Breast Cancer Clinical Trial
Official title:
A Pilot Study of the Herbal Remedy Essiac (ESIAK ®) Versus Placebo in Improving the Quality of Life in Women Completing Adjuvant Treatment for Breast or Epithelial Ovarian, Fallopian Tube, or Primary Peritoneal Cancers.
This is a pilot feasibility study being performed in women completing front-line treatment for breast or ovarian cancer. It is being done to evaluate whether or not an herbal combination known as Essiac (ESIAK) can improve the overall quality of life in these women as they transition from active treatment to follow-up, also known as the quality of life in transition. This information will be used to design a larger randomized trial.
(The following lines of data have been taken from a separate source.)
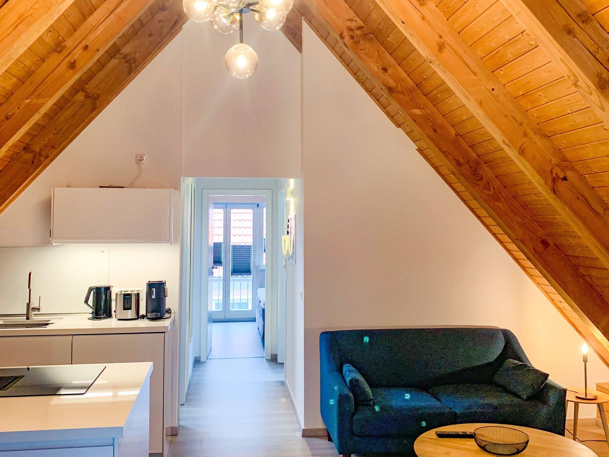 Für die Arbeit im Apartment kannst du optional einen höhenverstellbaren Schreibtisch mit großem Bildschirm hinzubuchen, der sich ideal für produktives Arbeiten eignet. Die Küche ist voll ausgestattet ? vom Cerankochfeld über den Backofen bis zur Spülmaschine ist alles für das Kochen und die tägliche Versorgung da, ergänzt durch eine CoffeeB-Kaffeemaschine, Frenchpress, Toaster, Wasserkocher und ausreichend Geschirr. Auch grundlegende Vorräte wie Spülmittel, Gewürze und Kaffee gehören zur Ausstattung. Im modernen Bad findest du eine komfortable Regendusche und alles, was du für deine persönliche Pflege brauchst, inklusive Hand- und Duschtüchern, Seife und Föhn.
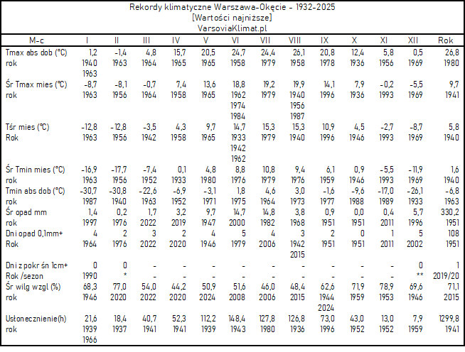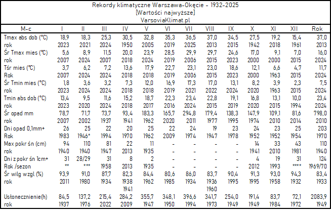 Okęcie: Miesięczne rekordy klimatyczne 1932-2025
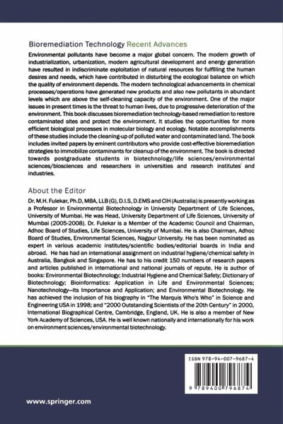 This book discusses bioremediation technology-based remediation to restore contaminated sites and protect the environment. It studies the opportunities for more efficient biological processes in molecular biology and ecology. Notable accomplishments of these studies include the cleaning up of polluted water and contaminated land. The book includes invited papers by eminent contributors who provide cost-effective bioremediation strategies to immobilize contaminants for cleanup of environment. The book is directed towards postgraduate students in biotechnology/life sciences/environmental sciences/biosciences and researchers in universities and research institutes and industries.
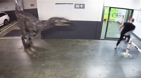 في دعابة مرعبة، قام شابان أستراليان بخداع زملائهما في العمل عبر استدراجهما إلى مرآب سيارات أسفل البناء وتخويفهم بديناصور مزيف.
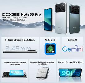 DOOGEE NOTE 56 PRO Android 16 Smartphone, 6150mAh Batteria, UNISOC T7225 Telefono, 6.56"HD+90Hz Display, 32GB+128GB, 13MP+8MP Cellulare, NFC/Widevine L1/Face Unlock/Side Fingerprint Recognition/3.5mm Headphone Jack
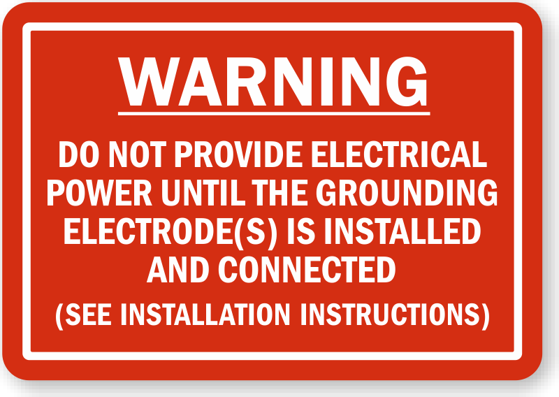 Manufactured Home Service Equipment Warning Sign: Do Not Provide Electrical Power Until The Grounding Electrode(s) is Installed and Connected. S2-2977
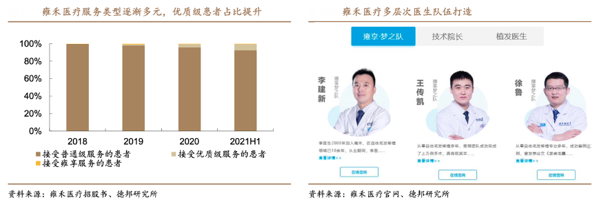 經典案例:根據雍禾醫療首次投資者開放日交流、德邦研究所等綜合資訊表明,雍禾是首家建立數據分析系統的民營毛發服務提供商,且是截止目前唯一一家可實時獲取患者人數、植發手術數量及毛囊移植數量資料的連鎖醫療機構。數據展示提升了醫療服務的透明度,進而提升患者治療體驗;另一方面通過分析運營所收集的數據,公司可迅速準確的發現并滿足患者需求,有效管理客戶情況,實時精準廣告營銷,并對患者的需求做出預測以及告知診斷及治療過程。
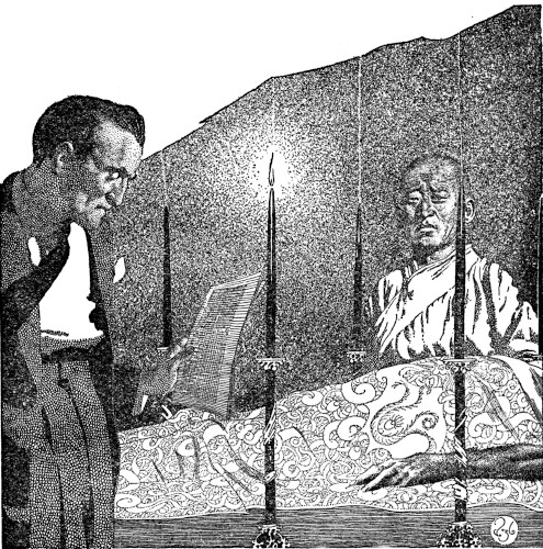 Mists of horror engulfed me. I was dimly aware of Conrad's voice droning on and on, both in English and in that other fearsome tongue whose horrific import I scarcely dared try to guess. And with stark fear clutching at my heart, I saw the candles go out, one by one. And with each flicker, as the gathering gloom darkened about us, my horror mounted. I could not speak, I could not move; my distended eyes were fixed with agonized intensity on the remaining candle. The silent oriental at the head of that ghastly table was included in my fear. He had not moved nor spoken, but under his drooping lids, his eyes burned with devilish triumph; I knew that beneath his inscrutable exterior he was gloating fiendishly—but why—why?
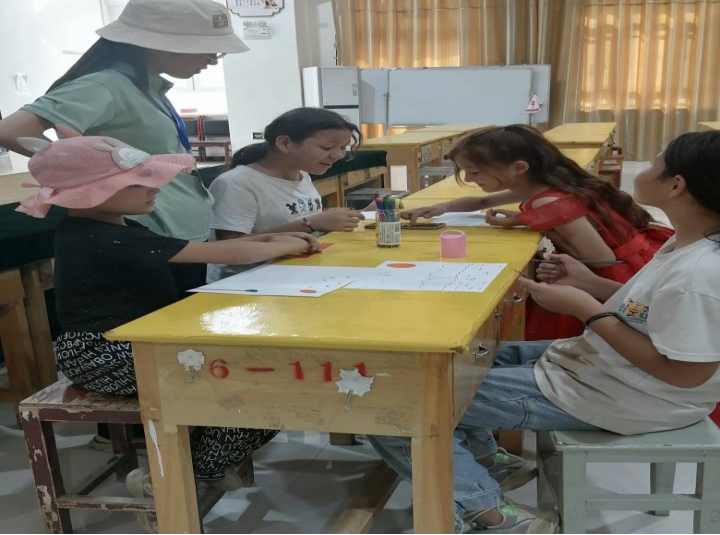 为团队成员与孩子们相互自我介绍活动开始,团队成员们一对一、多对一,面对面、手把手地悉心教学,尽己所能为孩子们答疑解惑,点亮理想的灯,照亮前行的路。
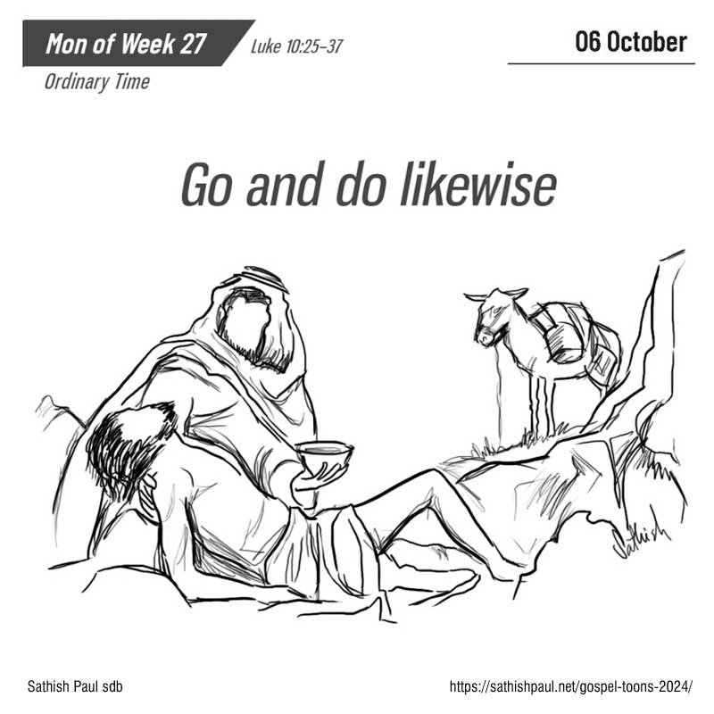 Par hasard, un prêtre descendait par ce chemin ; il le vit et passa de l’autre côté. De même un lévite arriva à cet endroit ; il le vit et passa de l’autre côté. Mais un Samaritain, qui était en route, arriva près de lui ; il le vit et fut saisi de compassion. Il s’approcha, et pansa ses blessures en y versant de l’huile et du vin ; puis il le chargea sur sa propre monture, le conduisit dans une auberge et prit soin de lui. (Lc 10, 25-37)
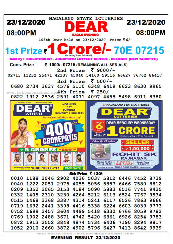 লটারি সংবাদ 23.12.2020 Sikkim Result 11:55 AM and 4 PM
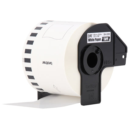 Brother DK-2205 labels have been developed to work in harmony with your Brother QL label printer. They are available in (2.4 in x 100ft) continuous White Paper Label rolls providing enough custom-length labels for even the most complex labeling project. DK labels can be used for storage boxes, shipping packages, binders, envelopes, and more.
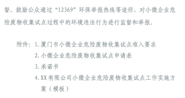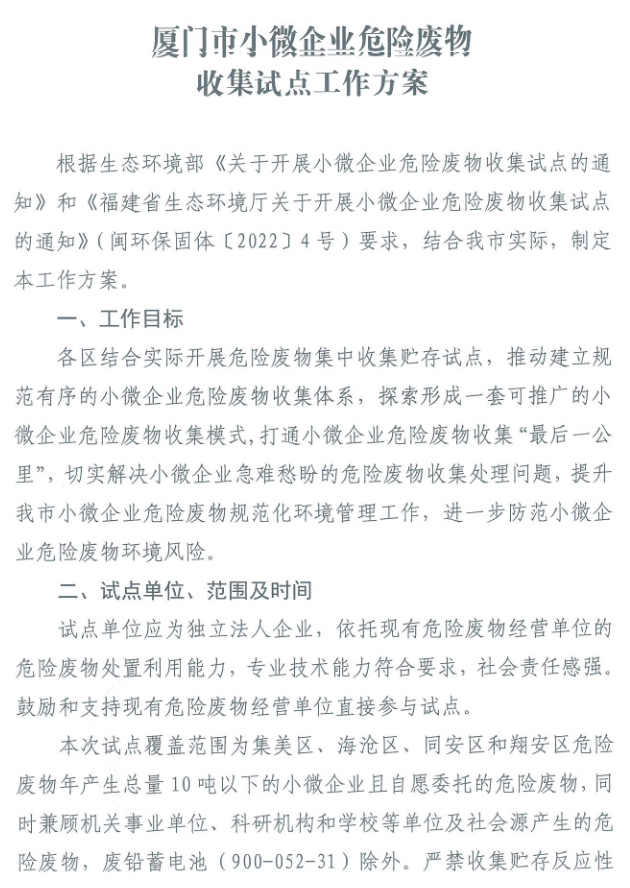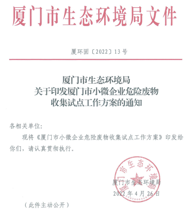 廈門(mén)市生態(tài)環(huán)境局印發(fā)<廈門(mén)市小微企業(yè)危險(xiǎn)廢物收集試點(diǎn)工作方案>的通知
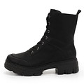 Лаконичные черные ботинки с высокой шнуровкой выполнены из мягкой искусственной кожи. Подкладка изготовлена из искусственной шерсти, стелька войлочная. Массивная подошва из полиуретана отвечает за оптимальную поддержку и отличное сцепление с покрытием. Модель также дополнена практичной застежкой на молнию. Ботинки хорошо впишутся в образы с платьями, юбками в длине миди, широкими укороченными брюками и джинсами.

Complementary and Alternative medical (CAM) practices are “healthcare practices outside the
realm of conventional medicine, which are yet to be validated using scientific methods”. It
encompasses a wide variety of behavioral (meditation, and spiritual practices) and clinical
(herbal, acupuncture, and massage) techniques. Patients with chronic diseases including
cancer tend to be very interested in these treatments and research involving CAM and their
ability to improve quality of life are needed.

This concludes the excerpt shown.